Ask people to describe Caroline Wright and your likely to hear terms like food writer, editor, recipe developer and tester, food stylist, or photographer. A former food editor at Martha Stewart’s Everyday Food, she is a graduate of the prestigious Ecole de Cuisine La Varenne and had her work appear in Cooking Light, Real Simple, Every Day with Rachael Ray and Women’s Day, among others.
I met Wright at a dinner party a few weeks ago that was held to celebrate the publication of her new cookbook, Twenty-Dollar, Twenty-Minute Meals. After flipping through the pages during the meal, I thought, "Now, this is a woman who understands me..." She also writes the Twenty-Dollar, Twenty-Minute Meals column weekly at Food52.com.

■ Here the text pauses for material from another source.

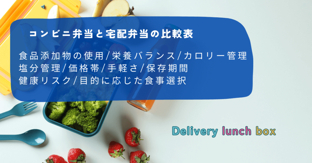 上記の比較表では、コンビニ弁当と宅配弁当の違いを明確に整理しています。
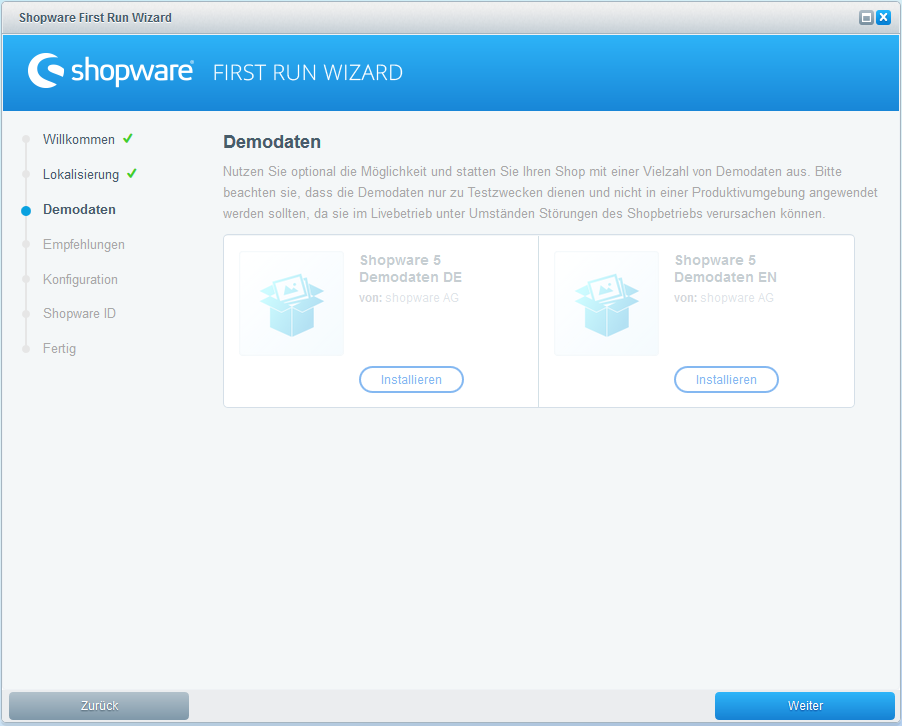 Falls Du in Deinem Shop Demodaten installieren möchten, kannst Du dies nun tun.

"Like most cooks I know, my life story really begins with food. I have always been a curious eater, and was initially fascinated with cooking as a means to serve that curiosity," says Wright. "Only when I went to college in Paris did I become really inspired with cooking as it related to the produce available in markets, the culinary culture, and the lifestyle. I went to culinary school there after college and never looked back.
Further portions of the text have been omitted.